[Assignment]
In the records below, find the line with "buscas para auxílio." and repeat exactly every line from it through the line with "つややかなパールの花びらが8". Pictures stay out.

++++++

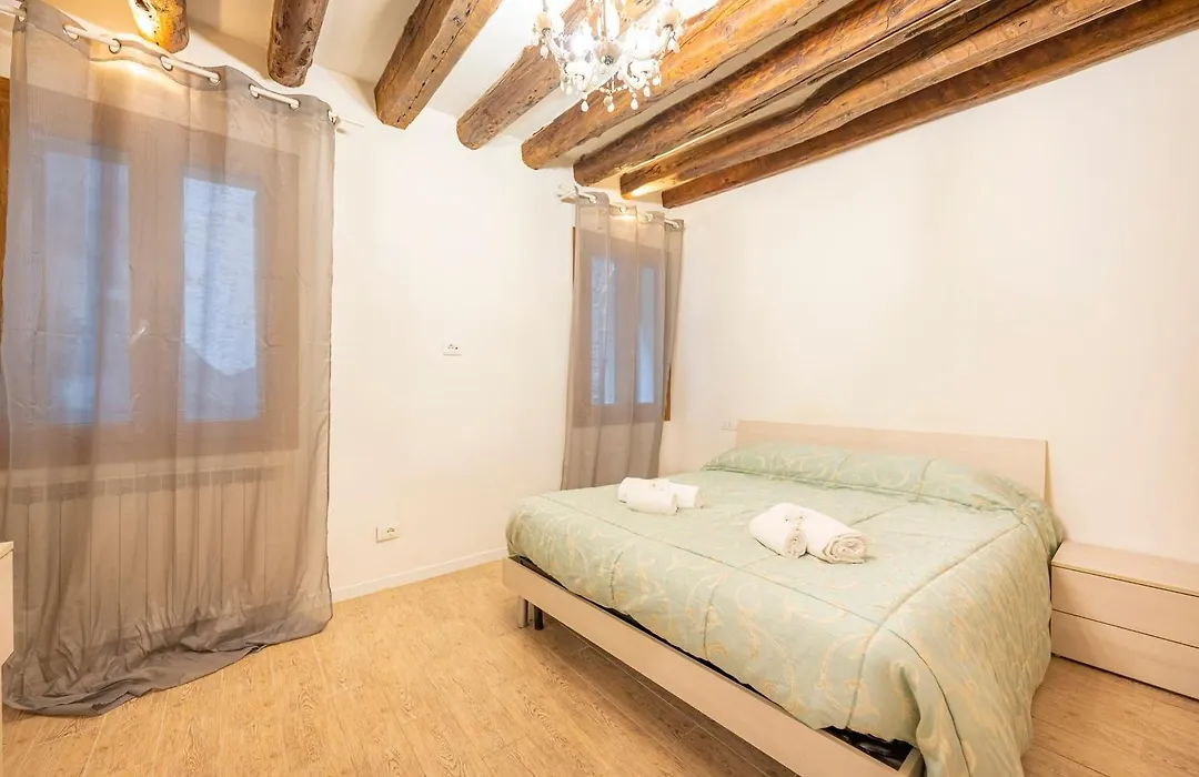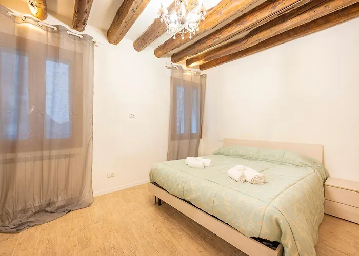 The apartment is nestled in the San Marco district, just a few steps from the ornate covered 16th-century stone footbridge "Rialto Bridge". This apartment is also in the centre of Venice, nearly 5 minutes on foot from the 16th - century Santa Maria Formosa Church. The museum gallery "Gallerie dell'Accademia" is within a few blocks of the accommodation.
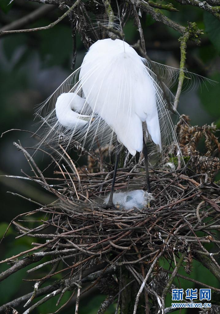 在南昌市新建區(qū)象山森林公園內(nèi),白鷺守護(hù)著雛鳥(5月18日攝)。
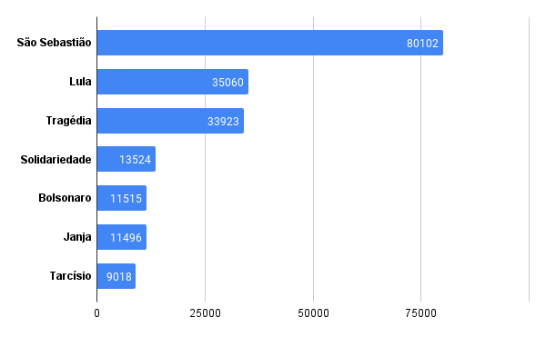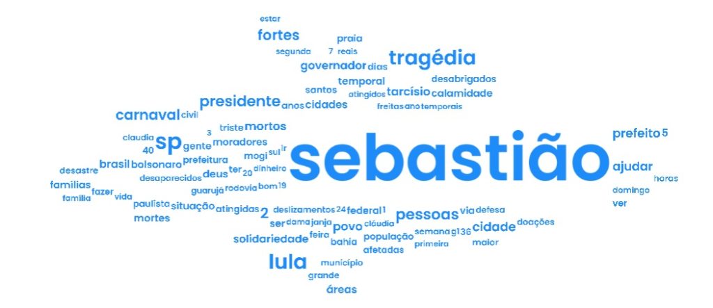 ‘Sebastião’, inclusive, foi o termo mais repetido nas publicações sobre o caso. Na análise, a Vox Radar buscou nomes políticos que constaram nas postagens e ainda contextos, como tragédia – relacionados às postagens sobre as mortes e resgates – e solidariedade, referentes às doações para moradores e buscas para auxílio.
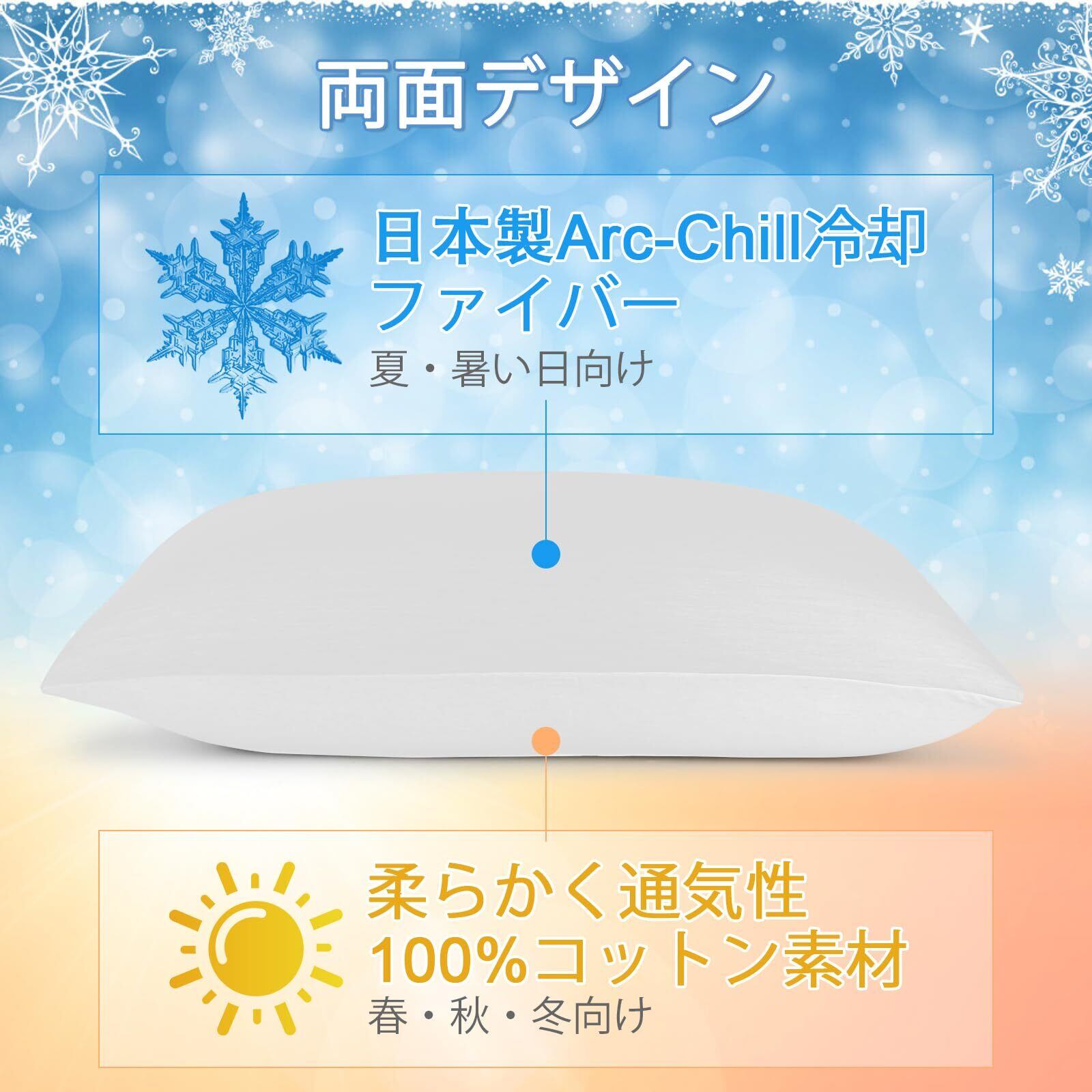 【アークチル冷却技術で夏の快眠をサポート】 特殊な日本製Q-max>0.45アークチル冷却ファイバーを使用した夏用枕カバー。OEKO-TEX 100認証取得で安心。肌が触れた瞬間に体熱を吸収し、体感温度を最大5℃以上低下させます。熱帯夜や寝汗に悩む方に最適なひんやり冷却効果で、夏の寝苦しさを解消
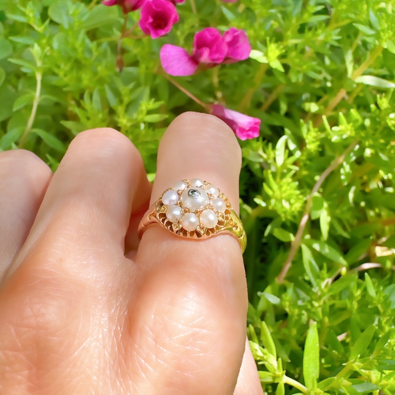 つややかなパールの花びらが8枚と、花芯のひとまわり大きなパールには小さなダイヤモンドが止められていて、まるで朝露に濡れたお花のように、指先に咲き誇るヴィクトリアンらしいひと品が届きました。
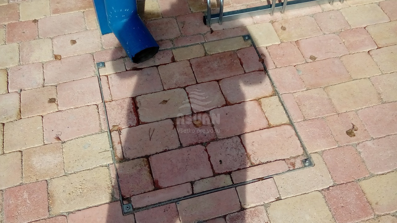 - Po osadení podlahovej krytiny resp. vyšpárovaní keramickej dlažby, sa odstráni silikónové tesnenie, ktoré má zabrániť zatečeniu cementového mlieka pri inštalácii a poklop sa otvorí. Prípadné zvyšky betónu medzi konštrukciou a poklopom sa musia pozorne vyčistiť.
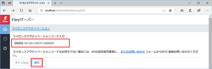 7. ライセンスアクティベーションコードを入力し「続行」をクリックします。
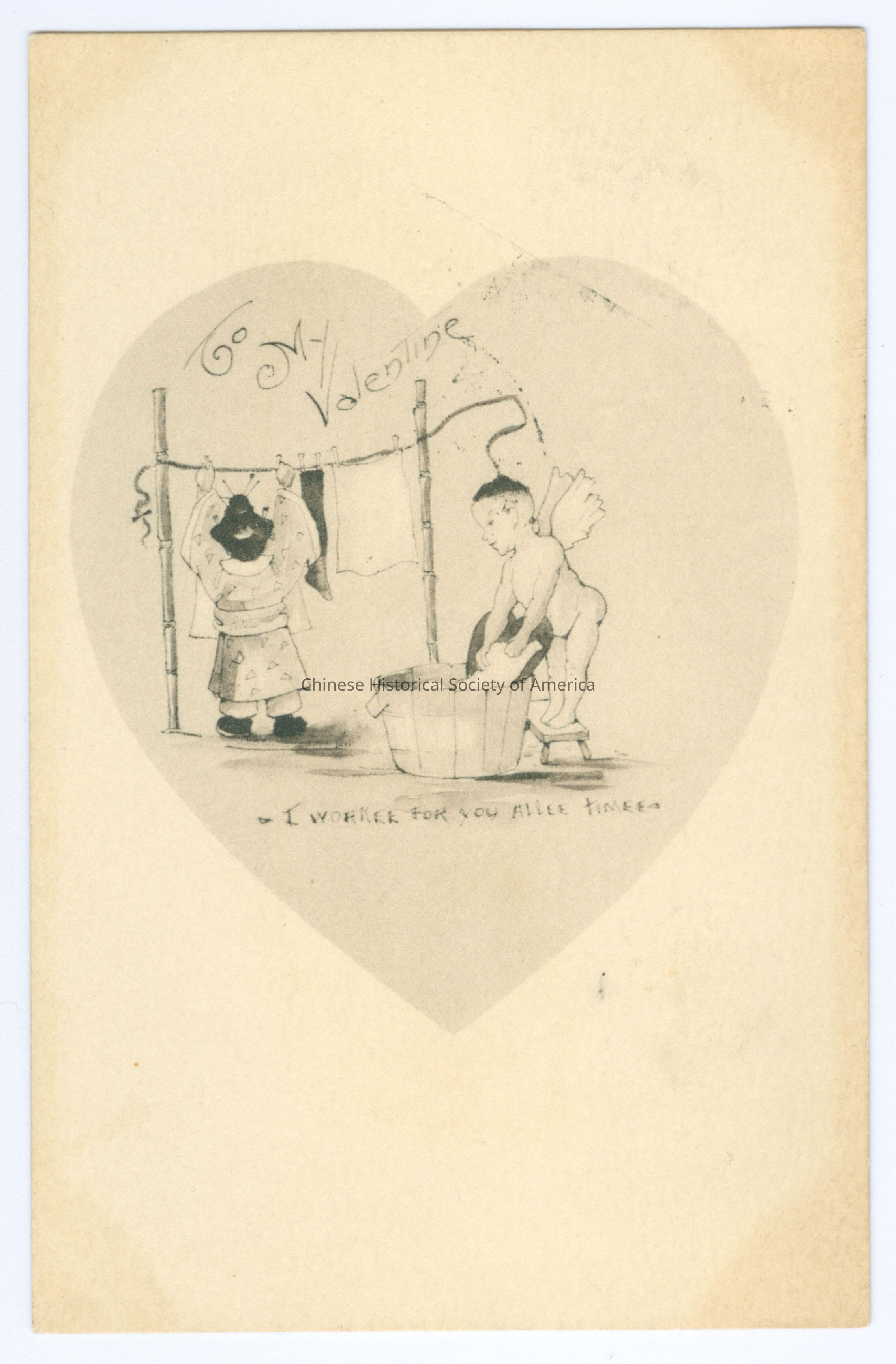 B&W. Illus. Caricatures; Valentine Cards; Laundry: In a heart shaped area, there is a naked cupid with wings washing clothing on a heart shaped wash board, has a que that is stretching to make a clothesline that a woman in a kimono is hanging clothes on.
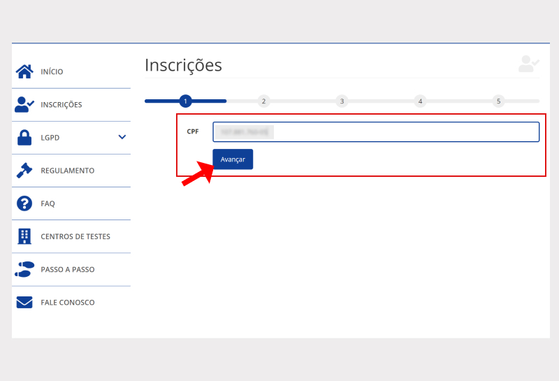 Passo 02: Clique em INSCRIÇÕES
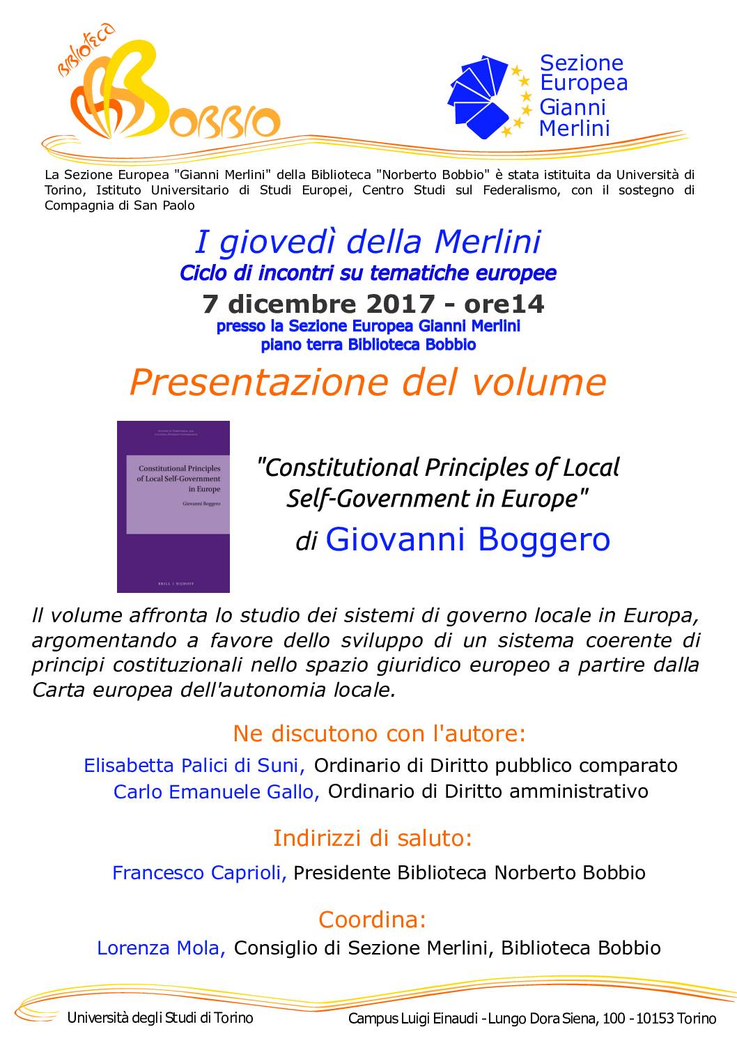 7 dicembre 2017 – ore14 presso la Sezione Europea Gianni Merlini – piano terra Biblioteca Bobbio
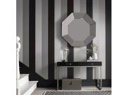 Hladká vliesová tapeta s papírovým povrchem - pruhy v odstínech šedé, černé a metalické stříbrné. Tapetu lze lepit vodorovně i svisle.

++++++

[Answer to the exercise]
 ‘Sebastião’, inclusive, foi o termo mais repetido nas publicações sobre o caso. Na análise, a Vox Radar buscou nomes políticos que constaram nas postagens e ainda contextos, como tragédia – relacionados às postagens sobre as mortes e resgates – e solidariedade, referentes às doações para moradores e buscas para auxílio.
 【アークチル冷却技術で夏の快眠をサポート】 特殊な日本製Q-max>0.45アークチル冷却ファイバーを使用した夏用枕カバー。OEKO-TEX 100認証取得で安心。肌が触れた瞬間に体熱を吸収し、体感温度を最大5℃以上低下させます。熱帯夜や寝汗に悩む方に最適なひんやり冷却効果で、夏の寝苦しさを解消
 つややかなパールの花びらが8枚と、花芯のひとまわり大きなパールには小さなダイヤモンドが止められていて、まるで朝露に濡れたお花のように、指先に咲き誇るヴィクトリアンらしいひと品が届きました。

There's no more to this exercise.